In option 2, we use both possibilities (2 alternatives): "as is" as an UNKNOWN-WORD, and also like now - separating the quotes (but not deleting them).

In any case when reading it loudly, isn't there an "an" even though it is quoted?

as a noun

Why only as a noun? I proposed UNKNOWN-WORD because it can be e.g. a verb (or another POS).

ampli avatar Mar 13 '18 22:03 ampli

Sorry, yes, either might work. I'd have to think of examples where the quoted text would be generic unknown word instead of just nouns. But yes; sorry for confusion. All is well :-)

linas avatar Mar 13 '18 22:03 linas

BTW, it is possible to overcome the difficulty that I pointed out, by making a more complex check when applying length_limit:

  • First skip optional words (i.e. don't count them toward the length-limit).
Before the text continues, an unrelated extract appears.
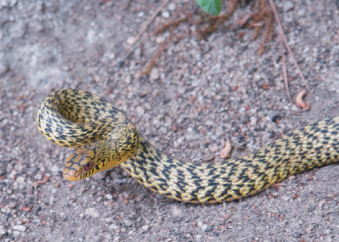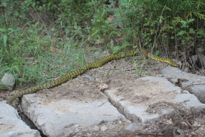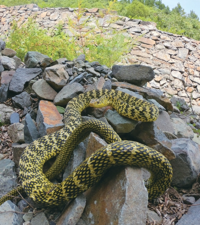 Description Adults up to1,200-2,400mm TOL, body size is relatively large.There are great difference between juvenile's and adult's spots; juvenile's dorsum is light yellowish brown, with four reddish-brown ventral stripes extending from the back of the neck to the tail end, with a number of reddish brown or dark brown short lateral stripes; sparse black,brown and yellow spots on the adult's dorsum; the center of scales are yellow, with black rim; black color is connected together with short lateral stripes or grid lines; the front part of the ventral is yellow, rear part is greyish blue; body is covered with black spots; scales groove on the back of the head are black, in “王” pattern, so being named “King”snake; 8 supralabials are arranged in 3-2-3 rows and 10 or 11 infralabials; dorsal scales are mostly arranged in 23-23-19 rows; 65-103 pairs of subcaudals; 2 anal plates on the anus.

Need to do that in 3 places: -- expression prune. -- prune. -- fast-matcher.
  • Then in sane-morphism (optional words disappear at that time if they were indeed unneeded, and appear if they were required for the linkage) enforce the length-limit literally.

However, this will add some overhead (but maybe not much if a skip table is prepared in advance).

ampli avatar Mar 13 '18 23:03 ampli

Pull req #764 adds the QUOTED-WORD idea from issue #756

linas avatar Apr 27 '18 00:04 linas